The slabs having the chemical composition described above are subjected to multi-pass rough rolling after being heated to 1150 to 1300 캜. If the temperature of the slab to be provided for rough rolling is less than 1150 ° C, the rolling load at the time of rough rolling becomes remarkably high, and the productivity is deteriorated. Therefore, the temperature of the slab to be provided for rough rolling is set to 1150 DEG C or more. On the other hand, it is not preferable to make the temperature of the slab provided in the rough rolling higher than 1300 DEG C in view of production cost. Therefore, the temperature of the slab to be provided for rough rolling is set to 1300 占 폚 or less. Further, the slab to be provided in the rough rolling may be directly rolled in the hot rolled slab. In order to obtain a high strength effect by precipitation strengthening, it is necessary to heat the elements such as Nb and Ti into solution, so that the temperature of the slab to be provided for rough rolling is preferably 1200 ° C or higher.

The slab is subjected to multi-pass rough rolling, and the final four or more passes are rolled into a jar bar at a temperature range of 1000 to 1050 캜, and at a total rolling reduction of 30% or more.

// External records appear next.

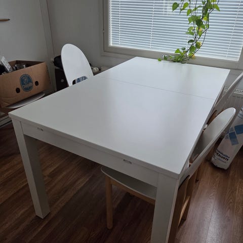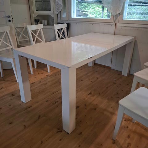 6 - 10 hengen ruokapöytä. Kaksi jatkopalaa joilla voi jatkaa 8 tai 10 ruokailijan mittaiseksi. Pituus n. 175-265cm.
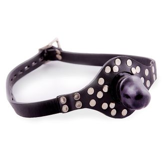 Черный кляп на ремне из искусственной кожи с головкой фаллоса с внутренней стороны для фиксации рта. Фаллос выполнен из мягкого качественного TPR. Кляп декорирован металлическими клепками. Длина ремешка регулируется от 44 см до 56 см.<br> Длина малого фаллоса - 4,7 см, диаметр - 3,5 см. None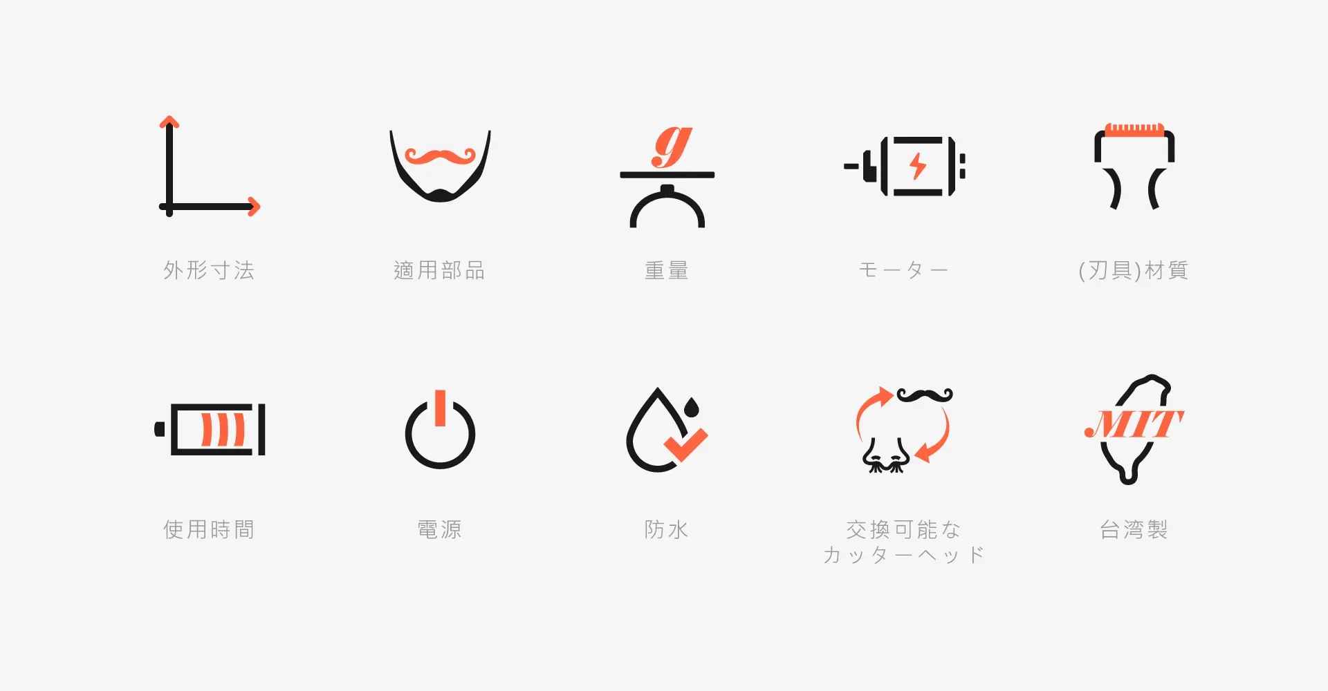 以簡約俐落的圖標來呈現產品規格,品牌色的加入讓呆板的圖標更加帥氣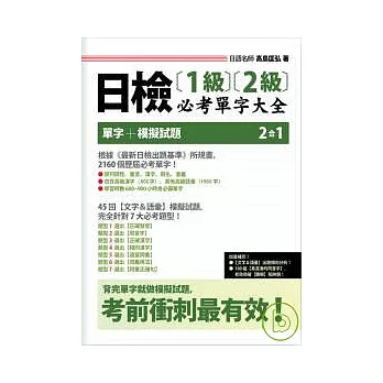 日檢【1級】【2級】必考單字大全 ~附45回【文字&語彙】模擬試題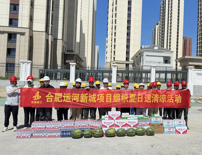 近日,合肥市楊崗路、幸三路等2條道路項(xiàng)目、S20長豐至固始高速公路霍邱至皖豫界段02標(biāo)項(xiàng)目、合肥運(yùn)河新城項(xiàng)目積極組織開展“送清涼”活動(dòng),向奮戰(zhàn)在高溫一線的工友致以誠摯慰問,并送上西瓜、綠豆、礦泉水及防暑降溫藥品等實(shí)用物資。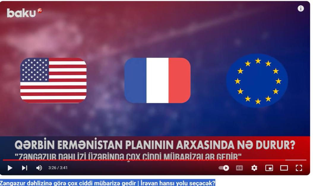 Azerbaijani experts note that the main goal of some Western countries is to inflame the atmosphere of war in the South Caucasus region, because they aim to take control of the "Zangezur Corridor". As you can see from the flags shown in the video, we are talking about USA, France and EU.
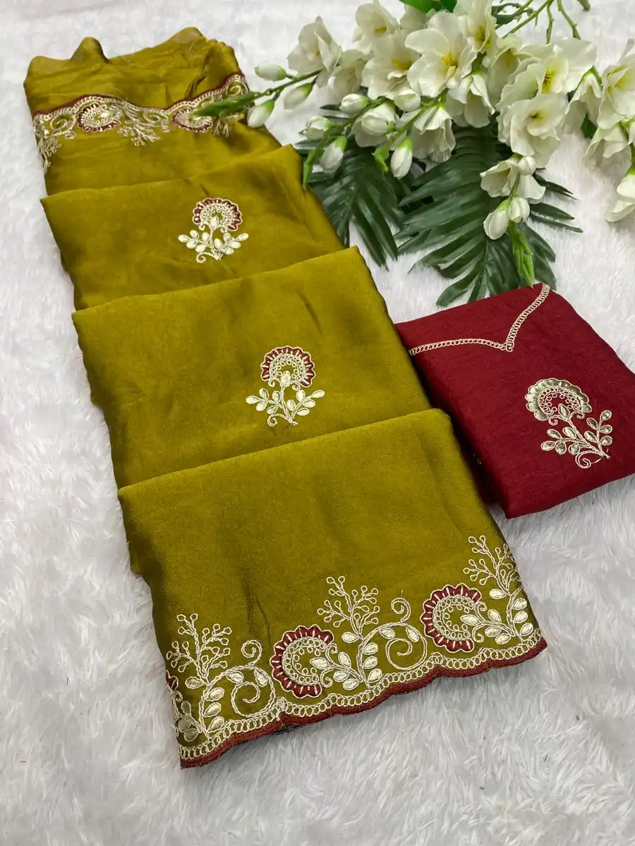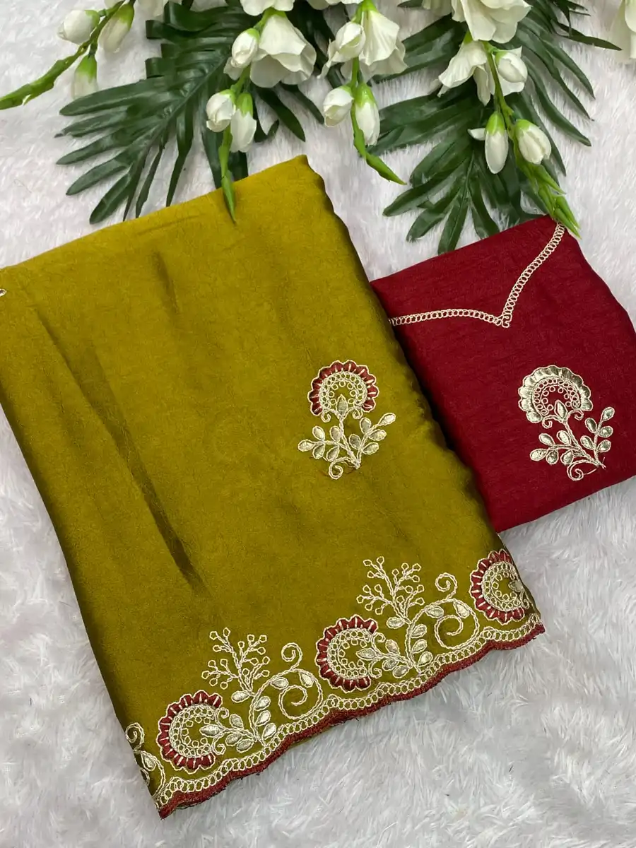 NEW ARRIVAL CRUSH SILK MULTI CODING DAGA & GOTA EMBROIDERY WORK BORDER SAREE WITH UNSTITCHED BLOUSE MUSTARD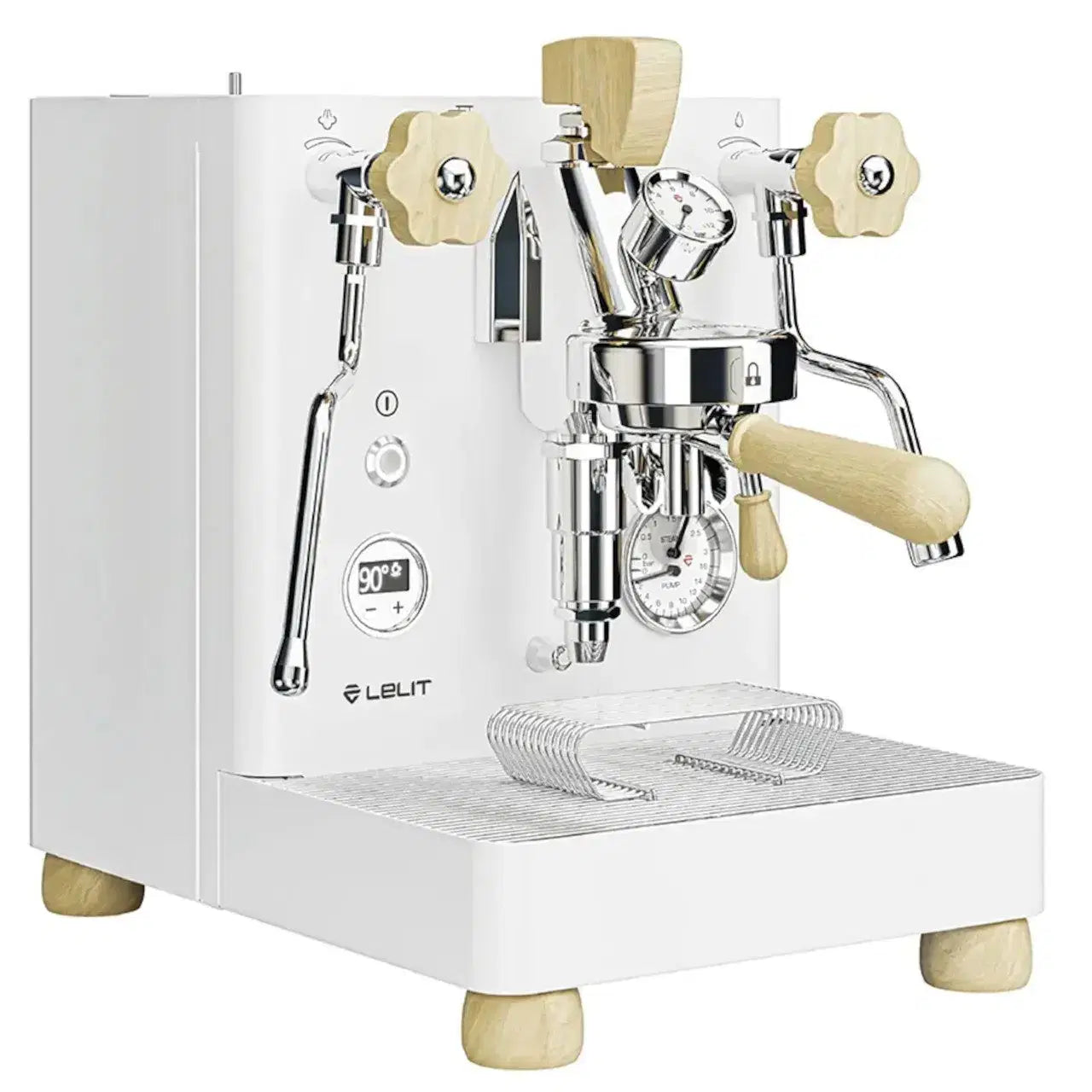Coffee machine with L58E group and manual control of the water flow. The dual boiler ensures excellent thermal stability. Elegance and power come together in this outstanding piece of design. Also available in black and white versions, equipped with a new design drip tray, top-notch maple wood details and colored appliance body with textured finish to give your coffee corner a touch of style.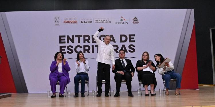 Durante su gira de trabajo, en la que también encabezó en Caborca la conmemoración del 169 aniversario de la Gesta Heroica, el mandatario estatal entregó 600 escrituras de lotes habitacionales a familias de las colonias Palo Verde, Juan Chait I y Juan Chait II, brindando certeza jurídica y patrimonial a quienes durante años esperaron este documento que les da seguridad y tranquilidad sobre su patrimonio.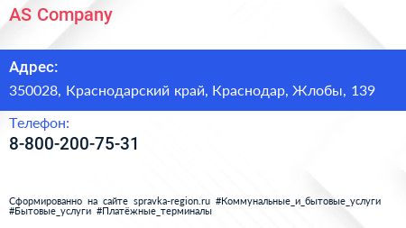 AS Company по адресу 350028, Краснодарский край, Краснодар, Жлобы, 139 в дальнейшем Организация, размещена в следующих категориях: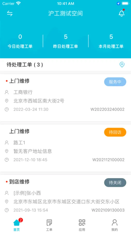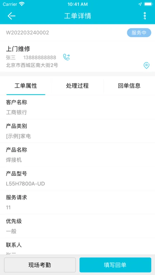 实时查看服务人员的当前位置、行程轨迹及工单的完成进度。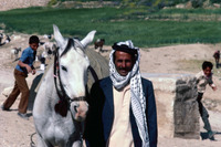 Jordan. Petra, horse and guide going back up Siq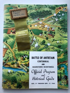 As a young Boy Scout, I had enthusiastically participated in the Centennial Celebration lasting from August 31 to September 17, 1962. It would be the last reenactment to take place on the battlefield. Last spring, I was going through a box of boyhood trinkets in the attic and found the concessions badge that I was required to wear while passing out Official Programs at the Dunker Church and later found an original copy of that program through a dealer in Gettysburg.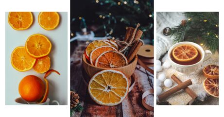 Nakrájejte pomeranče na tenké plátky, vysušte je v troubě na nízkém stupni (asi 80°C) po dobu 3-4 hodin. Hotové plátky propíchněte, protáhněte provázkem nebo stužkou a zavěste jako voňavé ozdoby.
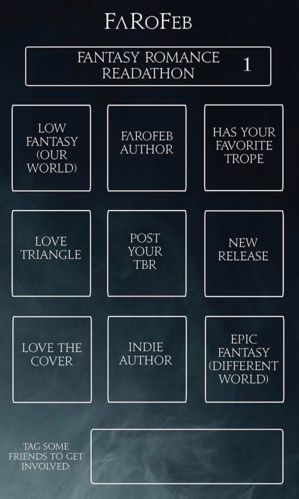 This is hosted on instagram by fantasy romance author H. R. Moore! There are so many events happening all month long hosted by many authors and content creators! It looks so fun and I am already having a blast. Below are the bingo boards. I hope to hit bingo! I will let you know in my wrap-up if I was able to and how I did it.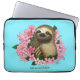 Una linda pereza sentada entre flores rosadas sobre un fondo azul.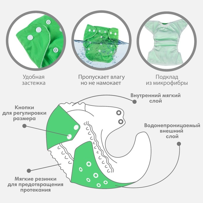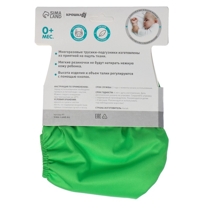 Многоразовый подгузник, 3-15 кг, цвет зеленый, Крошка Я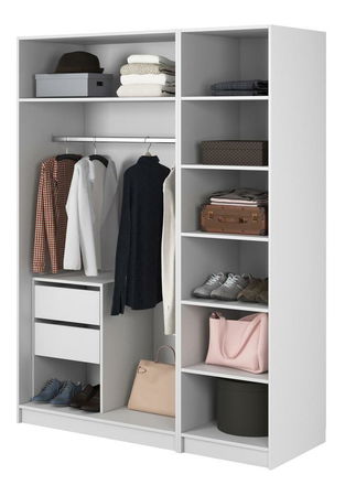 Sníte o elegantním uložení oblečení? Hledáte praktické a elegantní dotvoření vašeho šatníku? Představujeme šatní skříň – spojení stylu a praktičnosti pro váš prostor Šatní skříň je elegantním a stylovým řešením, které bude skvělou volbou i pro malé skříně. Jeho minimalistický design se perfektně hodí do moderního i klasického interiéru. Celé tělo je vyrobeno z kvalitní laminované dřevotřískové desky, která zaručuje odolnost a snadné čištění. Vnitřní prostor je navržen tak, aby se do něj vešly různé kusy oblečení a doplňků, na tyč můžete zavěsit oblečení, abyste jej udrželi v dobrém stavu, zatímco horní police vám umožní uložit méně často používané oblečení nebo doplňky prostor pro uložení drobných doplňků nebo spodní prádla, což umožňuje větší pořádek v šatníku Sloupek s policemi umožňuje efektivní třídění oblečení či doplňků. Klasická a univerzální barva dodává místnosti eleganci a styl a dokonale ladí s různými dekorativními styly. Správně nakonfigurovaný šatník vám umožní snadno se zbavit chaosu a udržovat pořádek. V této šatní skříni je funkčnost stejně důležitá jako vzhled, proto ji můžete umístit i na viditelná místa bez obav z nepořádku v interiéru. Detail produktu: korpus vyrobený z laminované dřevotřísky tloušťky 16 mm v barvě White 110 PE Kronospan, která je odolná. vlhkosti, teplotě a poškrábání, 96,5 cm dlouhá lišta umístěná ve výšce 147 cm od základny, rozměry police: šířka 46,5/96,5 cm / výška 30 cm / hloubka 55 cm, zásuvky umístěné na kulových vodítkách zajišťující volné a plynulé vysouvání, rozměry zásuvky: šířka 37 cm / výška 13 cm / hloubka 38 cm, možnost změny konfigurace uvnitř skříně ve stádiu montáže.

In order to suppress the formation of coarse martensite, it is important to make the austenite finer in the hot rolling process. This is effective for repeatedly recrystallizing austenite in the rough rolling step before finish rolling. Here, in the rolling in the temperature region exceeding 1050 占 폚, the grain growth after recrystallization is remarkably fast, and it is difficult to make the austenite finer. On the other hand, in the rolling in the temperature range of less than 1000 캜, the next rolling is performed without being completely recrystallized, and the grain size in the non-recrystallized portion and the recrystallized portion becomes uneven. As a result, the number density of martensite having an average diameter of 3 mu m or more increases. When the total reduction ratio is less than 30%, it can not be made sufficiently fine. Further, even if the rolling is performed at a total reduction ratio of 30% or more, the austenite grain size becomes uneven when the number of rolling passes is less than 4, and as a result, coarse martensite is produced.

Therefore, the slab is subjected to multi-pass rough rolling so that the final four or more passes are rolled into a joining bar by rolling at a temperature range of 1000 to 1050 캜 and a total reduction ratio of 30% or more.

The joining bar starts rolling within 60 seconds after completion of the rough rolling, and finish rolling is performed to complete the rolling in a temperature range of 850 to 950 캜 to obtain a finished rolled steel sheet.

As described above, in order to suppress the formation of coarse martensite, it is important to make the austenite finer in the hot rolling process. Even if the rough rolling is performed, the time from the completion of rough rolling to the start of finish rolling exceeds 60 seconds The austenite becomes coarse. Therefore, the time from the completion of rough rolling to the start of finish rolling should be within 60 seconds.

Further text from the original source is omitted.